Life Insurance Corporation of India (LIC) is on the verge of finalizing a deal to acquire a significant minority stake in ManipalCigna Health Insurance, a rapidly growing standalone health insurance company. This move marks LIC’s entry into the domestic health insurance market, which accounts for 37% of the country’s Rs 3 lakh crore general insurance market. The deal will see LIC acquire a 40-49% stake in ManipalCigna, valuing the company at Rs 3,500-3,750 crore. The transaction will also involve a smaller secondary share sale by the current shareholders.

This partnership is expected to be a three-way partnership among LIC, Manipal Education & Medical Group, and Cigna Corporation of the US, with the latter two currently holding a 51:49 shareholding in the company. LIC will infuse fresh capital into the company, diluting the existing shareholdings of the two partners. The deal is expected to be a board-run company, with representation proportionate to their shareholdings.

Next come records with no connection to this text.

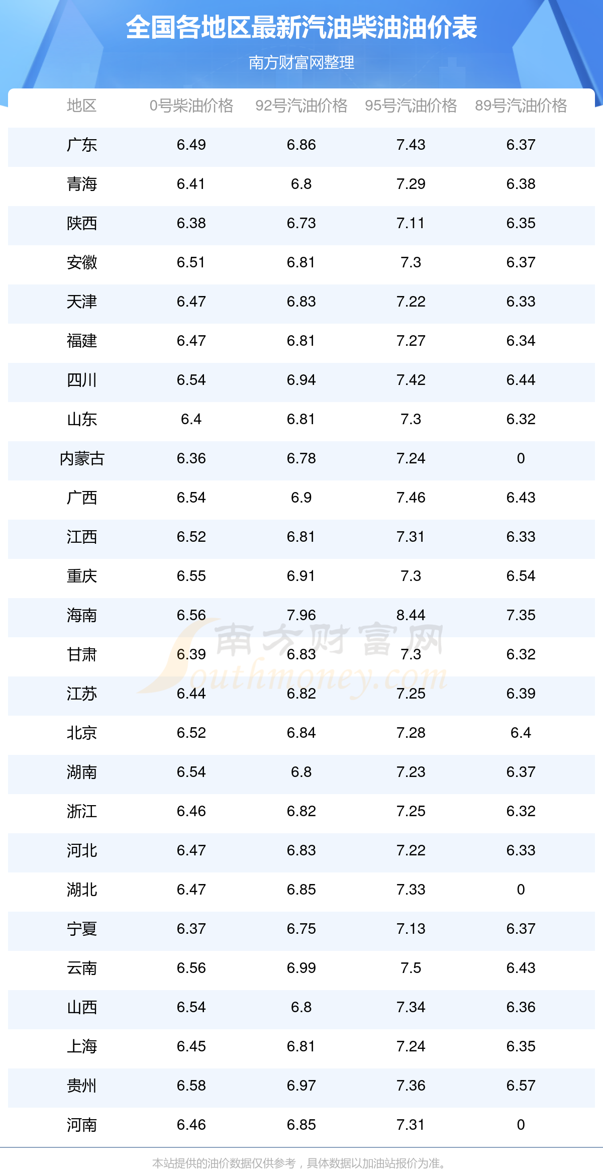 全國0號柴油11月8日最新平均價格為6元/升(根據(jù)10月28日調整后的價格計算)。其中,全國0號柴油最低為內蒙古,價格為6.36元/升;0號柴油最高為貴州,價格為6.58元/升。下一輪油價調整時間11月10日24時,距離現(xiàn)在還有2.39天。
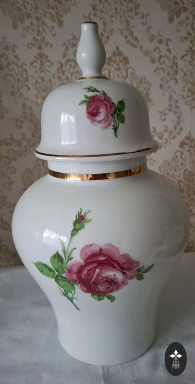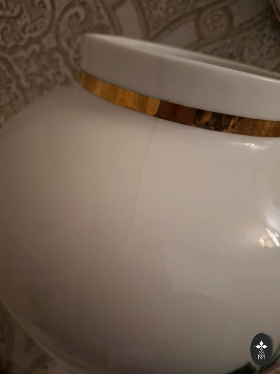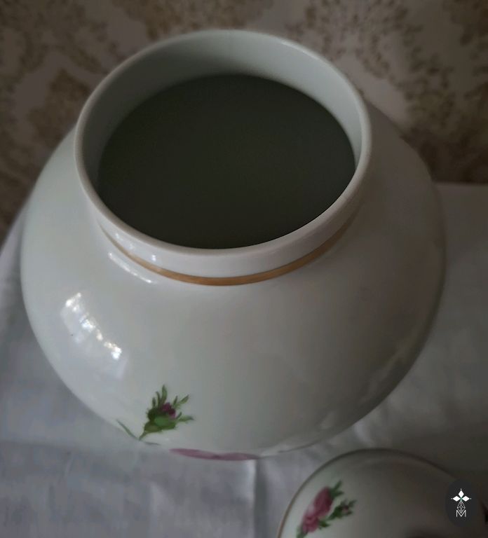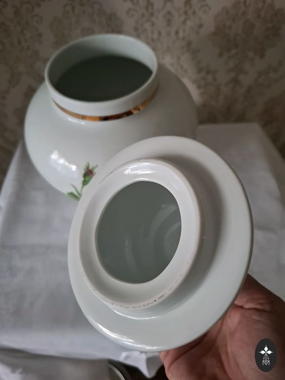 Dekoratīva stikla burka (lietota). Plaisājoša stikla imitācija. Būtisku trūkumu nav, taču roktura skrūvītes, kuras nav gandrīz redzamas, ir rūsējušas. Uzgriežņi dekoratīvie rokturim, kas redzami, labā stāvoklī. Aptuvenie izmēri - augstums 26 cm, diametrs 17 cm
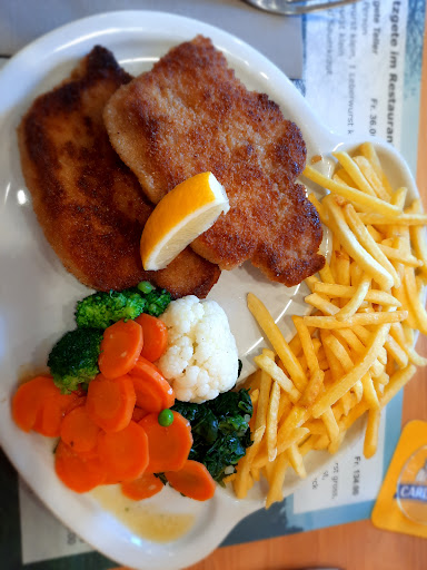 Read moreEin schön gelegenes Restaurant mit einer grossen Anzahl an Parkplätzen. Der Speisebereich war eher kühl und schlicht eingerichtet, was uns zuerst eher negativ rüberkam. Die Aussicht in die wunderschöne Landschaft war hingegen der Burner und liess das Ganze als solches wieder positiv erscheinen. Ein Wermutstropfen könnte der Spielbereich für Kinder sein, denn dieser ist mitten im Restaurant platziert. Das Personal war sehr freundlich und hilfsbereit. Uns hat auch deren Kleidung sehr gut gefallen. Die Speisekarte ist sehr grosszügig und beinhaltet einige interessante Möglichkeiten. Ein wahres Paradies für...

The partnership is significant as it marks LIC’s entry into the health insurance market, which is growing at a rate of 20% annually. The sector is expected to accelerate growth with LIC’s massive distribution network and balance sheet, disrupting the market. The deal is expected to be finalized by March-end, with LIC’s managing director and chief executive, Siddhartha Mohanty, stating that the company is looking to enter the health insurance space.

The health insurance sector is expected to intensify competition, with listed health insurers trading at a price-to-gross-written-premium (GW) ratio of 1.5-2.5 times. ManipalCigna, with a GW of Rs 1,691 crore in FY24, is expected to be valued at Rs 3,500 crore, making it an attractive acquisition target for LIC. The deal is expected to be a win-win for all parties involved, with ManipalCigna leveraging LIC’s vast distribution network and resources to grow its business.